Converting an IN predicate to EXISTS has a few peculiarities of its own. For example, the first EXISTS query could be rewritten to use IN like this:

SELECT title
FROM titles t
WHERE t.title_id IN (SELECT title_id FROM sales)

(Results abridged)

title
--------------------------------------------------------------------------------
But Is It User Friendly?
Computer Phobic AND Non-Phobic Individuals: Behavior Variations
Cooking with Computers: Surreptitious Balance Sheets
Emotional Security: A New Algorithm

And here’s the inverse:

SELECT title
FROM titles t
WHERE t.title_id NOT IN (SELECT title_id FROM sales)

title
--------------------------------------------------------------------------------
Net Etiquette

But look at what happens when NULLs figure into the equation:

SELECT title
FROM titles t
WHERE t.title_id NOT IN (SELECT title_id FROM sales UNION SELECT NULL)

title
--------------------------------------------------------------------------------

The IN predicate provides a shorthand method of comparing a scalar value with a series of values. In this case, the subquery provides the series. Per ANSI/ISO SQL guidelines, an expression that compares a value for equality to NULL always returns NULL, so the Net Etiquette row fails the test. The other rows fail the test because they can be positively identified as being in the list and are therefore excluded by the NOT.

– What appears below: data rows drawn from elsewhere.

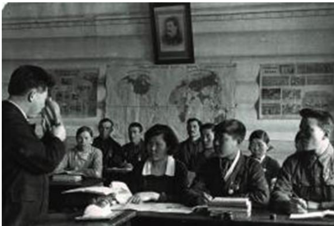
В окружной колхозной школе. 1938 год.
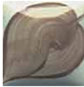
EZ 044 Cobblestone
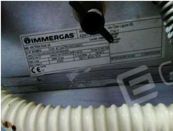
Particolare caldaia gas
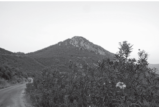
Resim 5 Ferhatlı- Uzunoğlan Tepe kabartmasının bulunduğu zirve

yükselen bir sütun ve en tepede Tanrı Sin'in sembolü hilal betimlenmiştir. Hilalin altından her iki yandan püsküller sarmaktadır. Tanrı Sin'in Anadolu'da, kültür merkezinin bulunduğu Harran ve çevresinde, Geç Hitit ve Arami kentlerinde kutsandığı bilinmektedir. Yeni Assur kralları, Anadolu halkı üzerindeki etkinliklerini artırmak için Tanrı Sin'e yakınlıklarını Sultantepe ve Aşağı Yarımcı stelleri gibi örnekler aracılığıyla vurgulamış olmalıdır.
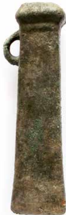
↑ Hache à douille du dépôt de Plumergat

En 2022, les propriétaires juridiques acceptent d'en faire don, et les haches bénéficient d'un nettoyage au laboratoire Arc'Antique (Nantes) avant d'intégrer les collections du musée. L'usage de ces objets est encore incertain : la fonction de lingot prémonétaire est envisagée.
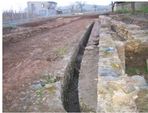
Solar arqueológico de La Edrada
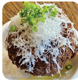
La Famiglia Arancini Nduja, Fior Di Latte & Lemon Vinaigrette (G) Teiskontie 1
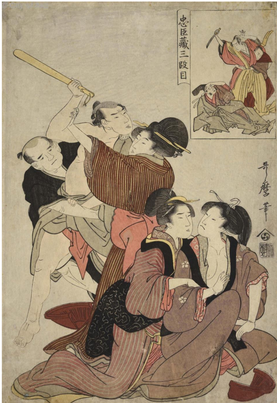
■ 歌麿 I 「忠臣蔵 三段目」(AkoRH-R0271)
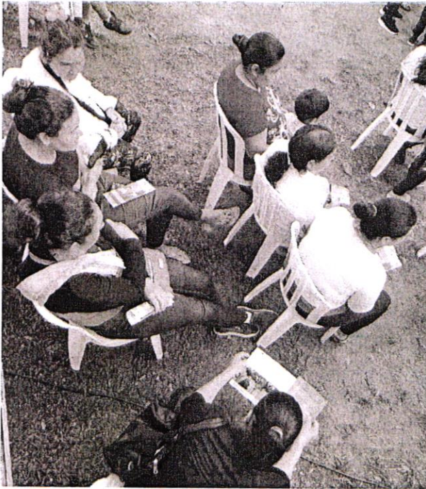
Compartiendo información sobre Vamos, Sistema de Protección Social
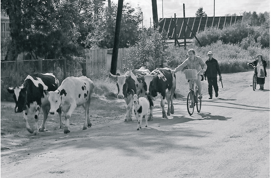
Repolan lehmiä Antikaisen kadulla matkalla laitumelta iltalypsylle
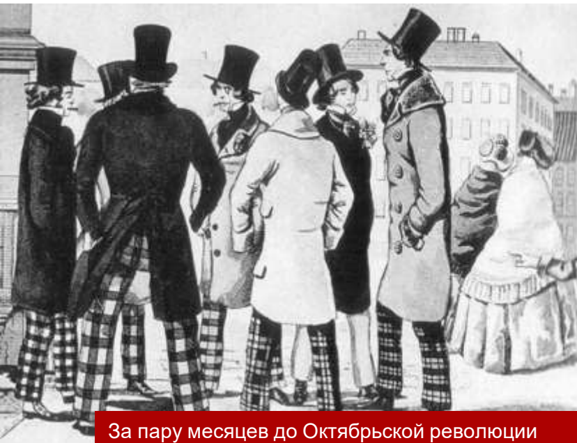
За пару месяцев до Октябрьской революции

Чтобы подчеркнуть свое равноправие, молодые мужчины и женщины ходили в одинаковых солдатских гимнастерках, темно-зеленых «юнгштурмовках» и парусиновых куртках. Культовой одеждой нового строя стала «комиссарская» кожанка в комплекте с фуражкой или завязанной на затылке красной косынкой.

This behavior is different from the NOT EXISTS behavior we observed earlier and is the chief reason that converting between EXISTS and IN can be tricky when NULLs are involved.

Note that Transact-SQL’s SET ANSI_NULLS command can be used to alter this behavior. When ANSI_NULLS behavior is disabled, equality comparisons to NULL are allowed, and NULL values equal one another. Since IN is shorthand for an equality comparison, it’s directly affected by this setting. Here’s an example:

SET ANSI_NULLS OFF
SELECT title
FROM titles t
WHERE t.title_id NOT IN (SELECT title_id FROM sales UNION SELECT NULL)
GO
SET ANSI_NULLS ON -- Be sure to re-enable ANSI_NULLS

title
--------------------------------------------------------------------------------
Net Etiquette

Now that Net Etiquette’s title_id can be safely compared to the NULL produced by the UNION, the IN predicate can ascertain whether it exists in the list. Since it doesn’t, Net Etiquette makes it into the result set.

Joins

As I said earlier, many correlated subqueries used with EXISTS can be restated as simple inner joins. Not only are these joins easier to read, they will also tend to be faster. Furthermore, using a join instead of EXISTS allows the query to reference fields from both tables. Here’s the earlier EXISTS query flattened into a join:

SELECT DISTINCT title
FROM titles t JOIN sales s ON (t.title_id = s.title_id)

(Results abridged)

title
--------------------------------------------------------------------------------
But Is It User Friendly?
Computer Phobic AND Non-Phobic Individuals: Behavior Variations
Cooking with Computers: Surreptitious Balance Sheets
Emotional Security: A New Algorithm

We’re forced to use DISTINCT here because there’s a one-to-many relationship between titles and sales.

Result Set Emptiness

Another common use of EXISTS is to check a result set for rows. The optimizer knows that finding even a single row satisfies the expression, so this is often quite fast. Here’s an example:

IF EXISTS(SELECT * FROM myworktable) DELETE myworktable

Since the query isn’t qualified by a WHERE or HAVING clause, we’re effectively checking the table for rows. This is much quicker than something like IF (SELECT COUNT(*) FROM myworktable)>0 and provides a speedy means of determining whether a table is empty without having to inspect system objects.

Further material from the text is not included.